Introduction
Kuzu is an embedded graph database built from the ground up for high-performance analytical queries on property graphs. Developed by researchers at the University of Waterloo, it uses columnar storage and vectorized execution to deliver fast multi-hop traversals and pattern matching while running as a library inside your application with no separate server process.
What Kuzu Does
- Stores and queries property graphs with node and relationship tables using Cypher
- Executes multi-hop recursive path queries efficiently with worst-case optimal join algorithms
- Provides an embeddable library for Python, Node.js, Rust, Java, and C/C++
- Supports structured property types including lists, maps, structs, and unions
- Imports data from CSV, Parquet, NumPy, Pandas, and Arrow sources
Architecture Overview
Kuzu uses a columnar storage layout optimized for graph workloads. The query processor implements factorized query execution and worst-case optimal join algorithms that avoid the intermediate result blowup common in traditional graph databases. A buffer manager and disk-based storage allow Kuzu to handle graphs larger than memory. The system compiles Cypher queries into vectorized physical plans for efficient CPU utilization.

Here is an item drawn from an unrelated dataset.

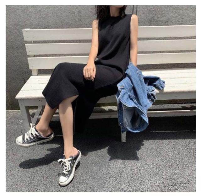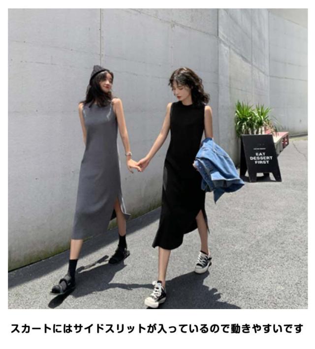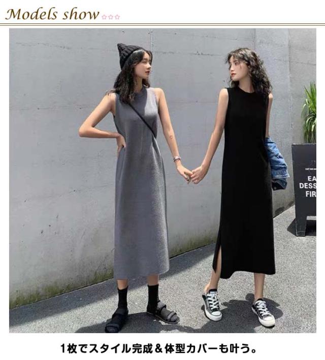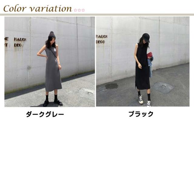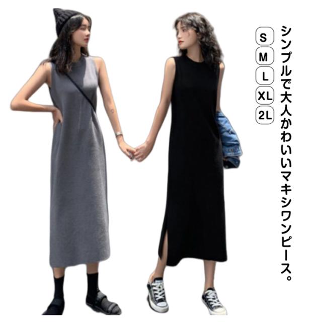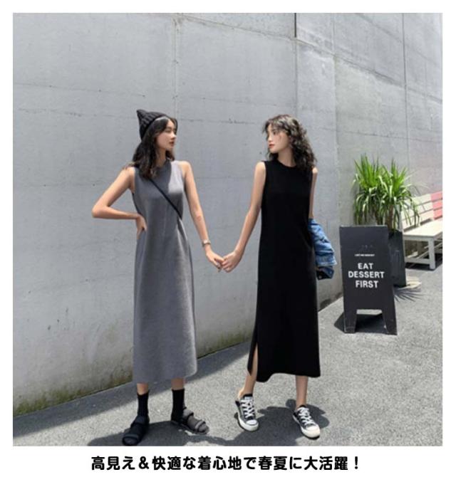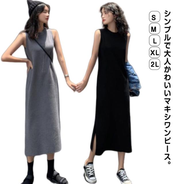 ロングワンピ レディース マキシワンピース サイドスリット ノースリーブ 体型カバー 高見え マキシワンピース 高身長 春 夏 大人カジュアル シンプル 楽ちん 着回し

Self-Hosting & Configuration
- Install via pip, npm, cargo, or Maven depending on your language
- Create a database by pointing to a directory path; files are managed automatically
- Import large graphs using the COPY FROM command with CSV or Parquet files
- Configure buffer pool size with the buffer_pool_size parameter for memory management
- Use the CLI shell (kuzu_shell) for interactive exploration and schema management
Key Features
- Cypher query language is familiar to users of Neo4j and other graph databases
- Worst-case optimal joins prevent performance cliffs on complex graph patterns
- Columnar and vectorized execution brings analytical database speed to graph queries
- Structured schema with typed node and relationship tables ensures data integrity
- Zero-copy integration with Apache Arrow and Pandas for data science workflows
Comparison with Similar Tools
- Neo4j — Neo4j is a client-server graph database; Kuzu is embeddable with columnar analytical performance
- DuckDB — DuckDB is an analytical SQL database; Kuzu is purpose-built for graph pattern matching and recursive queries
- CozoDB — CozoDB uses Datalog; Kuzu uses Cypher and worst-case optimal joins for graph-specific optimization
- SQLite — SQLite is a relational database; Kuzu handles graph traversals that would require complex recursive CTEs in SQL
- Amazon Neptune — Neptune is a managed cloud graph service; Kuzu is a free embeddable library with no infrastructure cost
FAQ
Q: Does Kuzu use Cypher or a custom query language? A: Kuzu uses the openCypher query language, the same language used by Neo4j, so existing Cypher knowledge transfers directly.
Q: Can Kuzu handle graphs that don't fit in memory? A: Yes. Kuzu uses disk-based storage with a buffer manager, so it can process graphs larger than available RAM.
Q: Is Kuzu suitable for transactional workloads? A: Kuzu supports ACID transactions, but it is optimized for analytical graph queries. For high-throughput OLTP, a server-based graph database may be more appropriate.
Q: Can I use Kuzu with GraphRAG or knowledge graph applications? A: Yes. Kuzu is well-suited for knowledge graph storage and retrieval, and integrates with LangChain and LlamaIndex for RAG pipelines.